**Exercise goal:** Pictures stay out of this copy, which runs from the first line of the material through the line containing "Dung dịch uống".

**Collected data:**

■ ■ ■

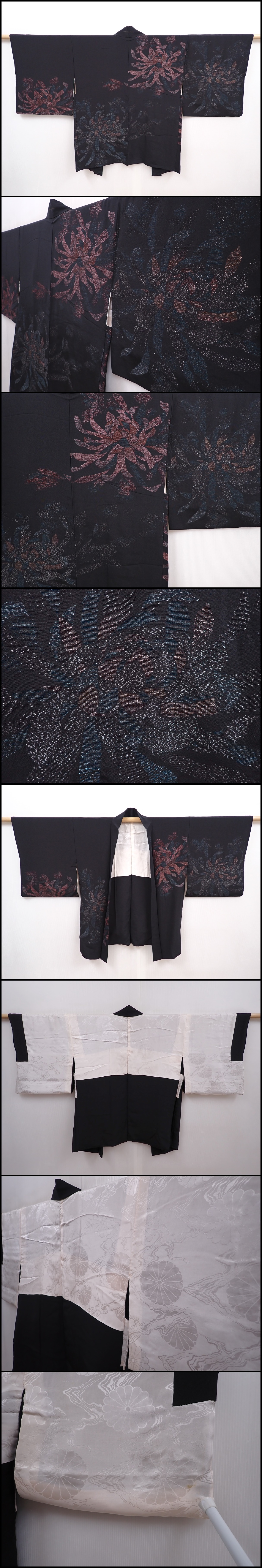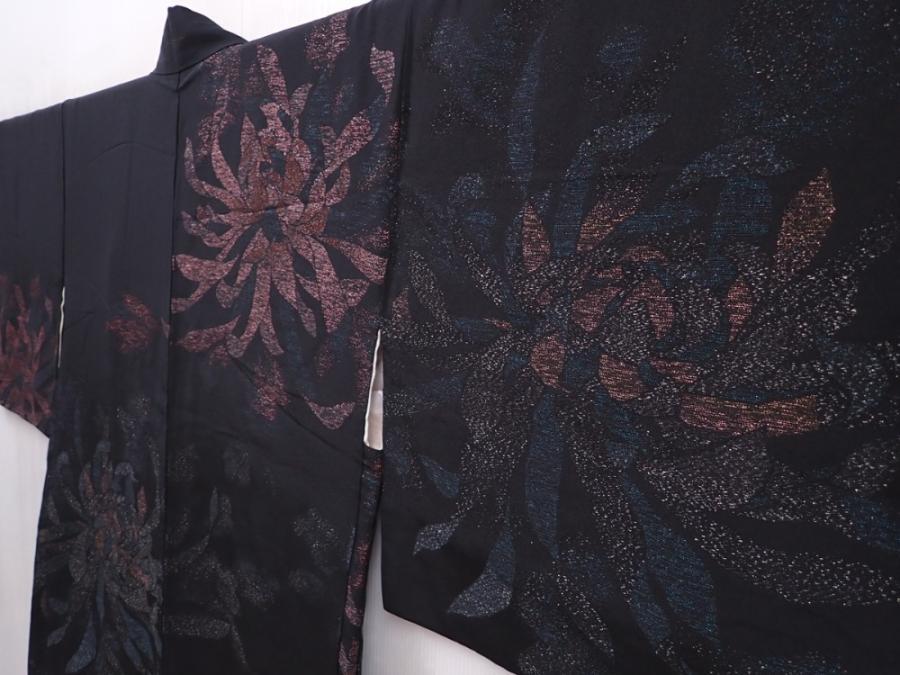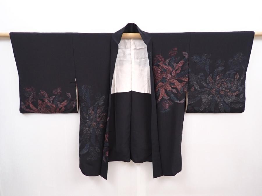 6120T07z580 Vintage Japanese Kimono Silk HAORI Flower Black
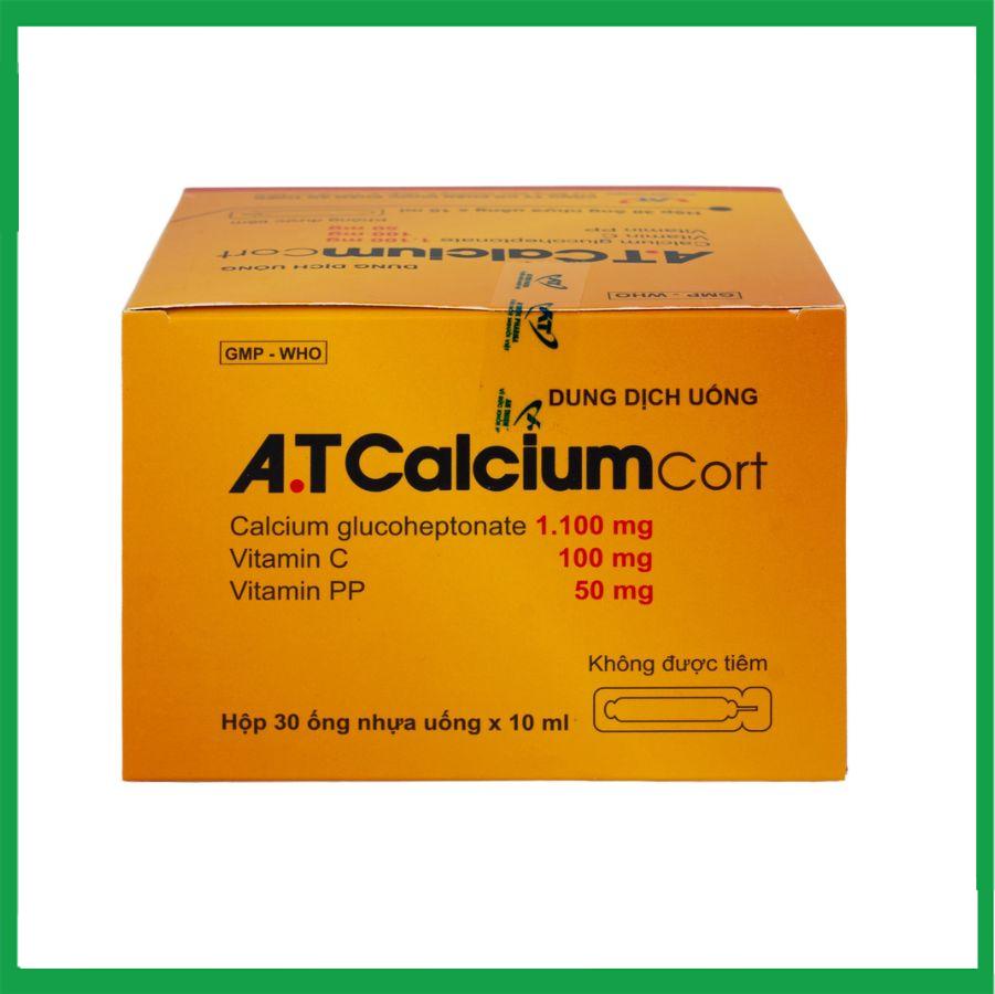 Dung dịch uống A.T Calcium cort là sản phẩm của Công ty Cổ phần Dược phẩm An Thiên chứa hoạt chất Vitamin PP, Vitamin C, Calci glucoheptonat giúp bồi dưỡng cơ thể, điều trị chứng còi xương, bổ sung calci khi chế độ ăn hàng ngày có thể không đầy đủ.
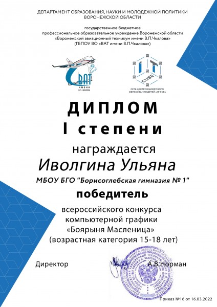 Подведены итоги всероссийского конкурса по компьютерной графике «Боярыня Масленица». Он объединил креативных ребят из многих городов, таких как Воронеж, Балашов, Борисоглебск, Великий Новгород, Магнитогорск, Липецк, Воткинск, Сочи, Тамбов, Сатка и других!
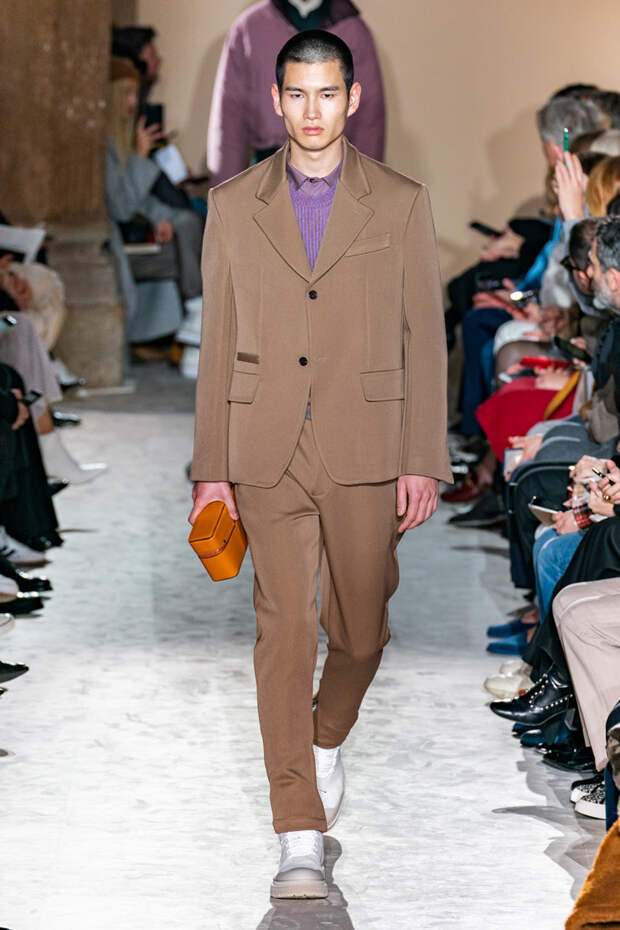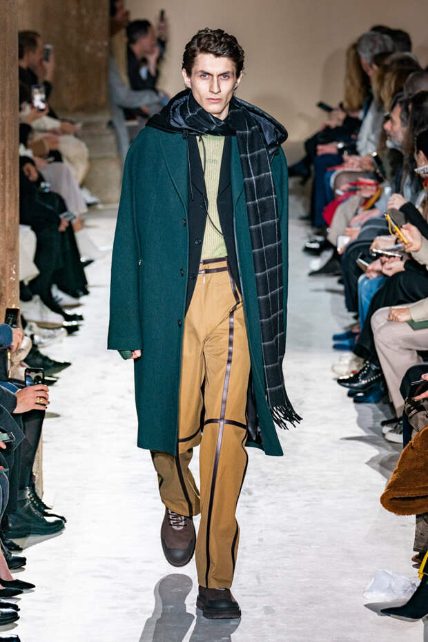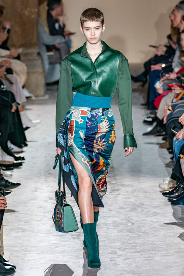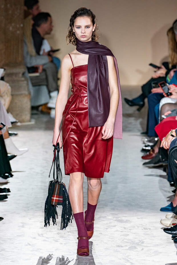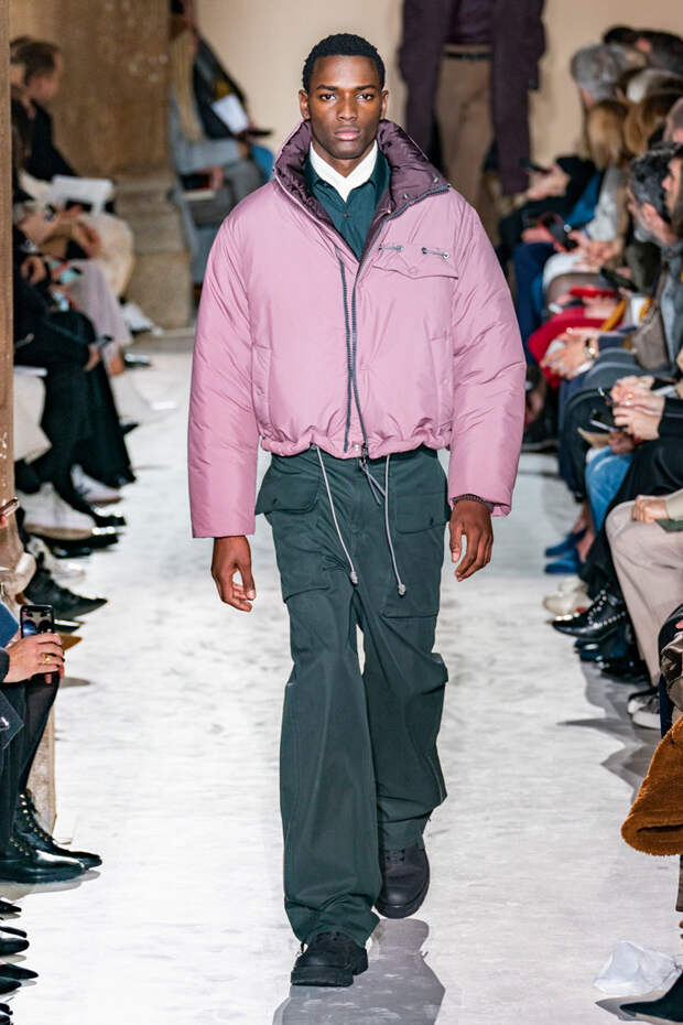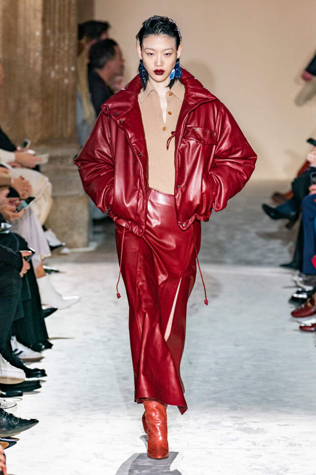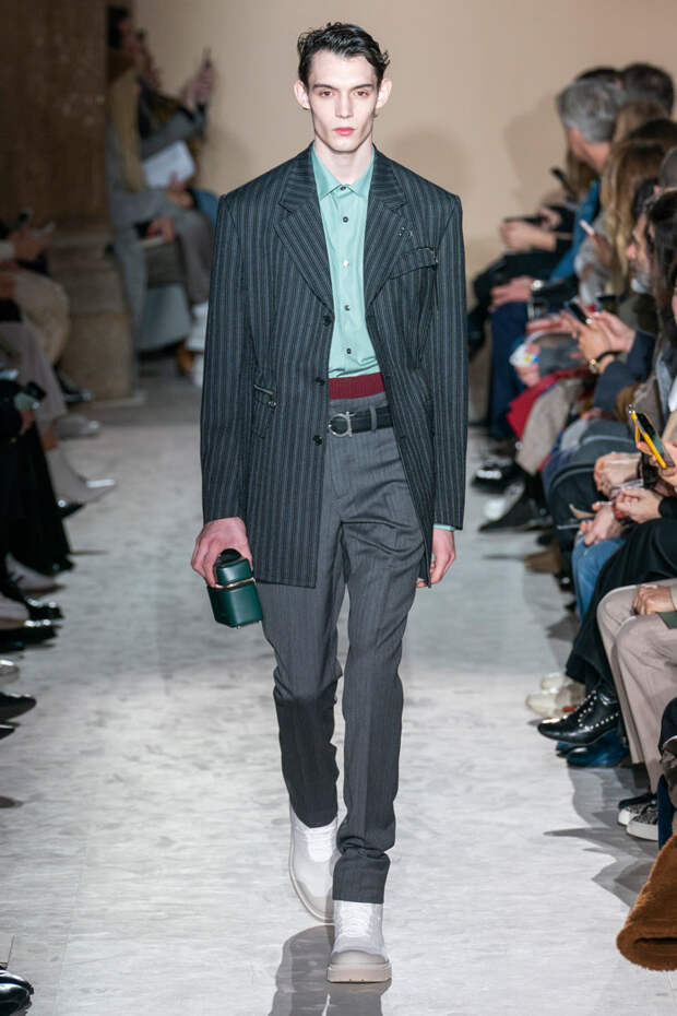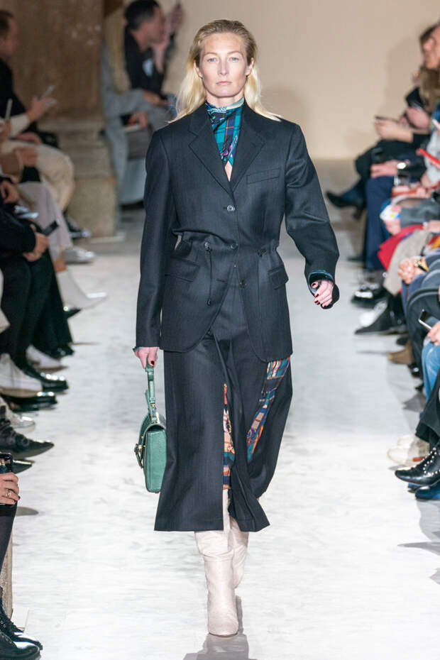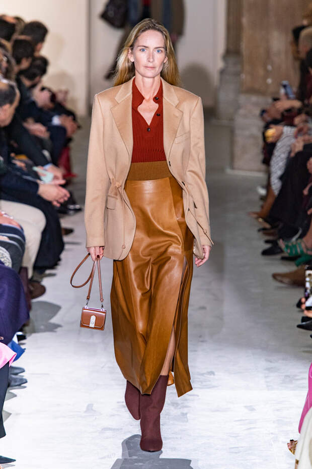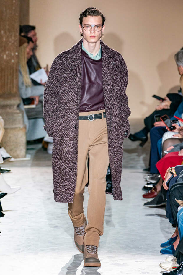 "Музами" дизайнера стали красочные замшевые босоножки на платформе 1942 года. Их расцветка и перенеслась в коллекцию — какие-то другие цвета он, конечно, добавил, но самой идее мы все равно обязаны босоножкам. Не было бы их — не было бы и голубого кожаного худи, и горчичных брючных костюмов, и винных байкерских штанов, и темно-зеленых пижам из кожи. Последние, конечно же, не для спальни, а для выходов в свет.В мужской половине, за дизайн которой отвечает другой дизайнер, Гийом Мейян, все было куда спокойней — и по цветам, и по самому набору вещей. Это даже хорошо: классика на то и классика, что хороша всегда.

■ ■ ■

**Written solution:**
 6120T07z580 Vintage Japanese Kimono Silk HAORI Flower Black
 Dung dịch uống A.T Calcium cort là sản phẩm của Công ty Cổ phần Dược phẩm An Thiên chứa hoạt chất Vitamin PP, Vitamin C, Calci glucoheptonat giúp bồi dưỡng cơ thể, điều trị chứng còi xương, bổ sung calci khi chế độ ăn hàng ngày có thể không đầy đủ.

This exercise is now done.